The transit time and subsequently the arch-PWV estimations could be influenced by the temporal resolution of the PC data. In the present study, breath-hold technique was used for the PC acquisition resulting in a lower temporal resolution compared to other validated free breathing acquisition techniques [18]. However, this later technique requires longer acquisition time and is exposed to more variation of the RR-interval during the acquisition as well as to the displacement of the aortic region of interest throughout the acquisition plane.

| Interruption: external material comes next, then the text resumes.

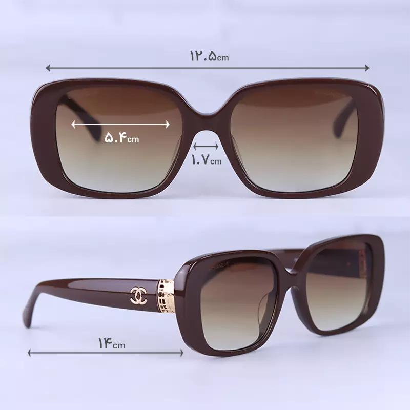 فریم این عینک که مهمترین قسمت آن است از نوع تمام فریم و به شکل مستطیل است. افرادی که صورتهای گرد، بیضی و قلبی دارند، از طرفداران این مدل عینک هستند. پهنای عینک آفتابی زنانه چنل حدود 12.5 سانتیمتر است. رنگ عدسی قهوهای و عرض آن حدود 5.4 سانت است و چشم را کامل میپوشاند و در وسعت دید اشکالی به وجود نمیآورد. پل عینک، کائوچو و بینی گیر آن از جنس بدنه عینک است. عرض پل 1.7 سانت است و به خوبی روی بینی مینشیند. دسته عینک قهوهای و پهن است که لوگوی برند شنل روی آن دیده میشود. طول دسته حدود 14 سانتیمتر است و با یک قوس ملایم تا پشت گوش میرود. اگر به درون دسته توجه کنید سیم کشی فلزی داخل آن را میبینید که به استحکام فریم کمک میکند به این مدل دسته و فریم به اصطلاح استیت یا استات گفته میشود. سبکی این عینک کمک میکند تا ساعتهای طولانی یا هنگام رانندگی، عینک را به چشم بزنید و ابدا در قسمت گوشها یا بینی احساس سنگینی و خستگی نکنید.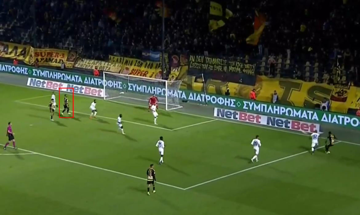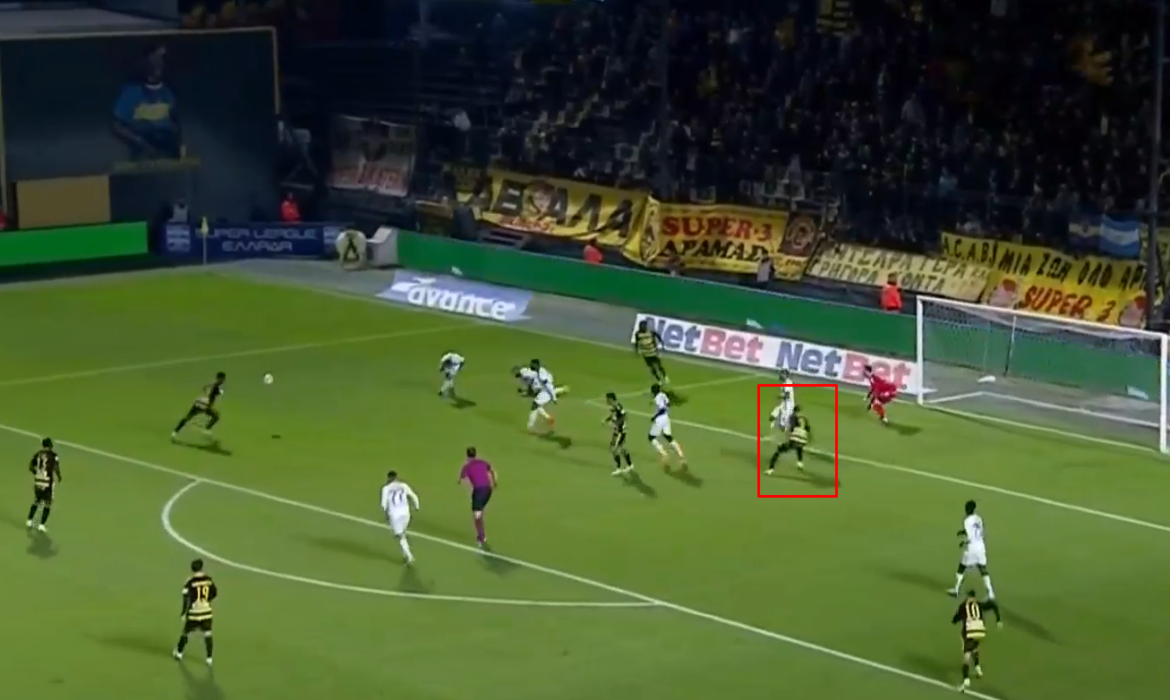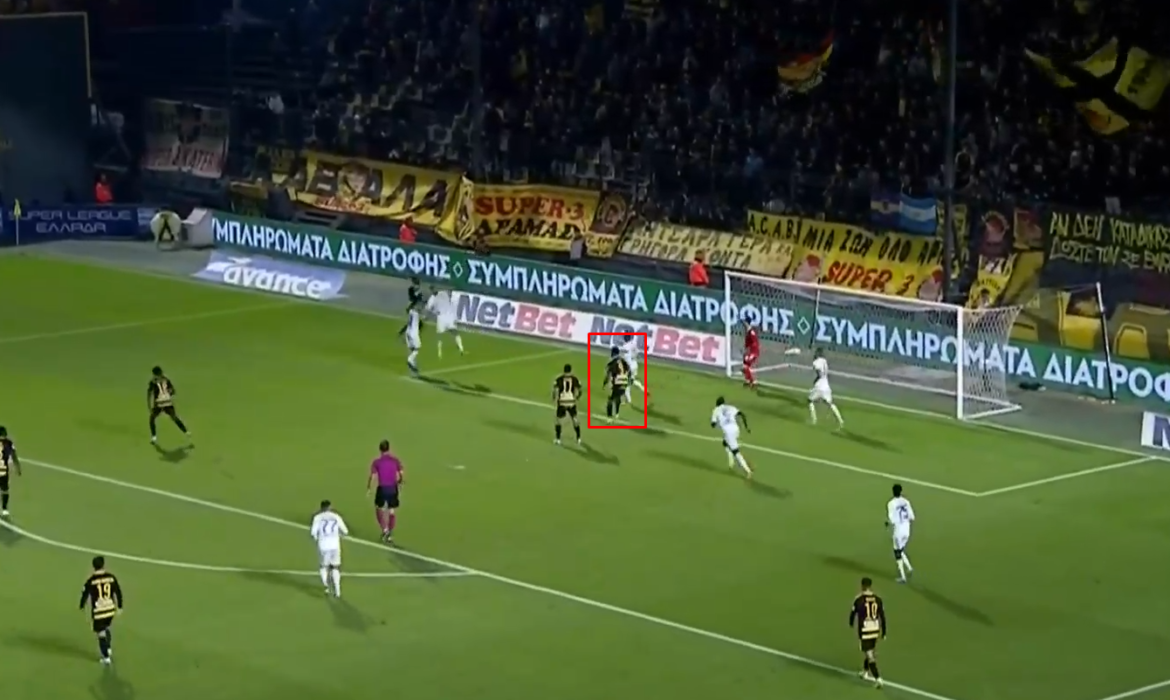 Ας πάρουμε για παράδειγμα το παιχνίδι με τον Ιωνικό και το γκολ του. Είναι ένα εύκολο γκολ, σίγουρα. Ας δούμε όμως όλη τη διάρκεια της φάσης, ντρίπλα Μόουζες, σέντρα Μόουζες, διεκδικήσιμη κεφαλιά Καμάτσο (πιθανή πάσα) και σέντρα Μαζικού. Σε όλες αυτές τις στιγμές κινείται στη γραμμή της μικρής περιοχής φροντίζοντας να μη βγαίνει offside αλλά ταυτόχρονα να έχει καλή τοποθέτηση.

Another limitation is the use of CF_PWV values for comparison instead of invasive gold standard values. Indeed, it has been demonstrated that the CF_PWV calculation was influenced by the body shape and size [21]. However, it has been also demonstrated that in subjects with body mass index values <35 kg m-2 the CF_PWV validly reflects aortic PWV values [38]. Therefore, because of the low body mass index of the studied population (23.75 ± 3.4 kg m-2), the effect of body shape was supposed to be minimal providing accurate CF_PWV values.

Conclusions

Local and regional aortic stiffness indices were computed from a combination of CMR measurements with pulse pressure data. The consistency of these indices according to the theoretical model and to the well established tonometry measurement of the global aortic stiffness was demonstrated. The addition of such post processing techniques to the established CMR tools may prove clinically useful for the local evaluation of the aortic stiffness, especially in patients with localized aortic stiffness, such as subjects with Marfan disease. Therefore, CMR regional measurements in the ascending aorta and on the aortic arch should be clinically relevant because of the proximal position of these segments regarding to the left ventricle, and of their effects on its working conditions and consequently its physiopathology.